In [0]:
# install packages
import sys

!pip install scikit-surprise

# Recommendation System

In this lab, we will use a python package named [Surprise](http://surpriselib.com/), which is an easy-to-use Python scikit for recommendation systems. It includes several commonly used algorithms, including [collaborative filtering](https://surprise.readthedocs.io/en/stable/knn_inspired.html) and [Matrix Factorization-based algorithms](https://surprise.readthedocs.io/en/stable/matrix_factorization.html).

In [0]:
from surprise.prediction_algorithms.matrix_factorization import SVD
from surprise.prediction_algorithms.knns import KNNBasic
from surprise.prediction_algorithms.knns import KNNWithMeans
from surprise.prediction_algorithms.knns import KNNBaseline
from surprise import Dataset
from surprise import accuracy
from surprise.model_selection import cross_validate
from surprise.model_selection import train_test_split
from surprise.model_selection import GridSearchCV

## Load data from package surprise 

First, we can download the dataset included in package surprise. The data will be saved in the .surprise_data folder in your home directory.

In [0]:
# Load the movielens-100k dataset (download it if needed),
data = Dataset.load_builtin('ml-100k')

# sample random trainset and testset where test set is made of 20% of the ratings.
trainset, testset = train_test_split(data, test_size=0.20)

## Collaborative Filtering

First, we will apply three different flavors of collaborative filtering to this data.

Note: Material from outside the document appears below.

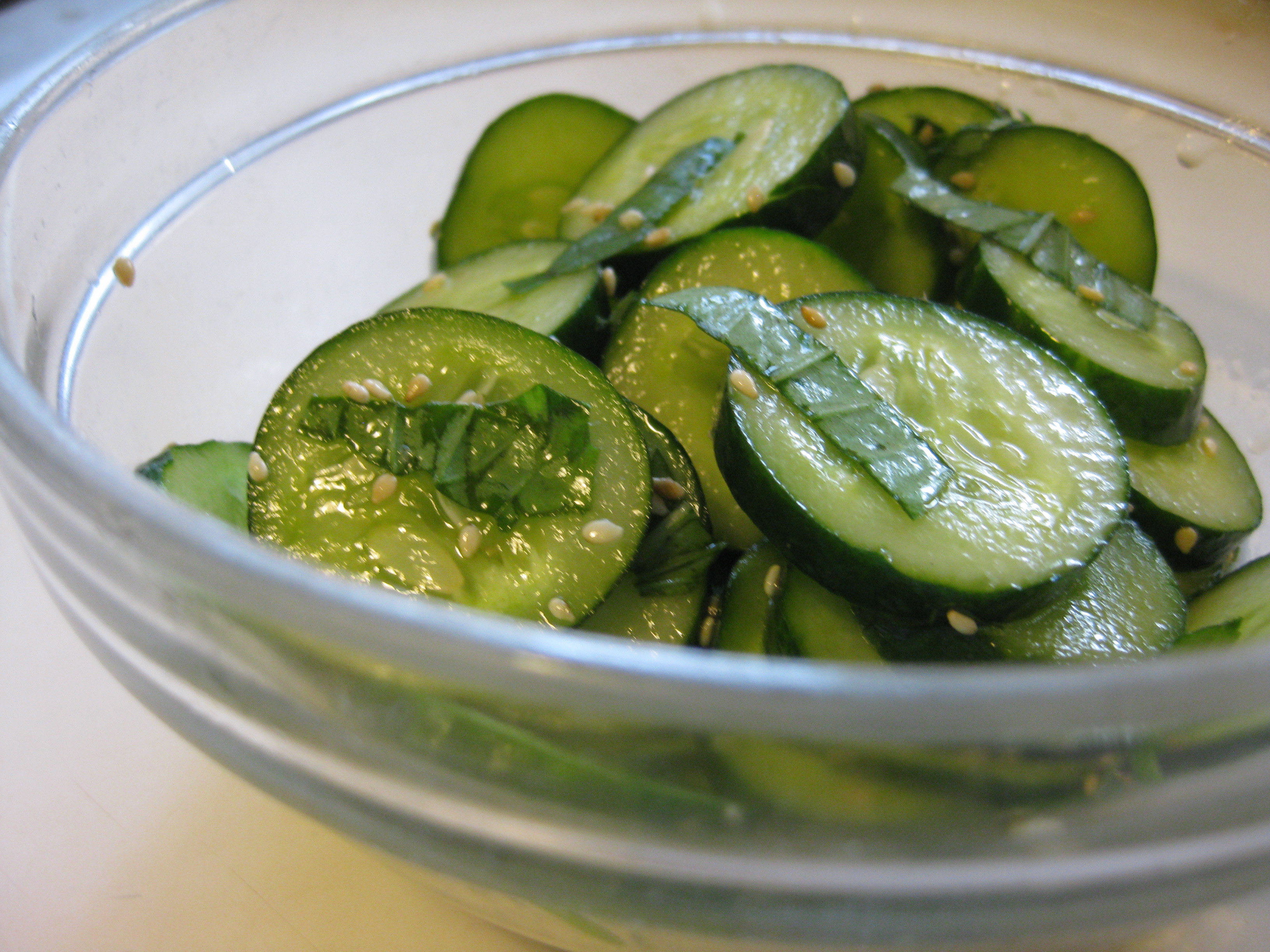 Another salad uses Taiwan cucumbers, cut into chunks, dressed in an Asian-inspired mix of rice vinegar and sesame oil, and garnished with toasted sesame seeds and shreds of Thai basil. Taiwan cucumbers, as they are called at our local farmers’ market, are about 6 inches long, not very seedy and medium-skinned. You can buy them in the grocery store under a different name.

### The basic collaborative filtering algorithm

In [0]:
# Use the basic collaborative filtering algorithm. 
# See https://surprise.readthedocs.io/en/stable/knn_inspired.html for more details.
cf = KNNBasic()
cf.fit(trainset)

# Train the algorithm on the trainset, and predict ratings for the testset
predictions = cf.test(testset)

# Then compute RMSE
accuracy.rmse(predictions)
accuracy.mae(predictions)

### The basic collaborative filtering algorithm with user mean ratings

In [0]:
# Use the basic collaborative filtering algorithm, taking into account the mean ratings of each user.
# See https://surprise.readthedocs.io/en/stable/knn_inspired.html for more details.
cf_mean = KNNWithMeans()
cf_mean.fit(trainset)

# Train the algorithm on the trainset, and predict ratings for the testset
predictions = cf_mean.test(testset)

# Then compute RMSE
accuracy.rmse(predictions)
accuracy.mae(predictions)

## Matrix Factorization

Then, we will apply the matrix factorization to this data.

In [0]:
# We'll use the famous SVD algorithm.
svd = SVD(n_factors=20)
svd.fit(trainset)

# Train the algorithm on the trainset, and predict ratings for the testset
predictions = svd.test(testset)

# Then compute RMSE
accuracy.rmse(predictions)
accuracy.mae(predictions)

In [0]:
# We'll use the famous SVD algorithm.
svd = SVD(n_factors=50)
svd.fit(trainset)

# Train the algorithm on the trainset, and predict ratings for the testset
predictions = svd.test(testset)

# Then compute RMSE
accuracy.rmse(predictions)
accuracy.mae(predictions)

# End of Lab: Recommendation System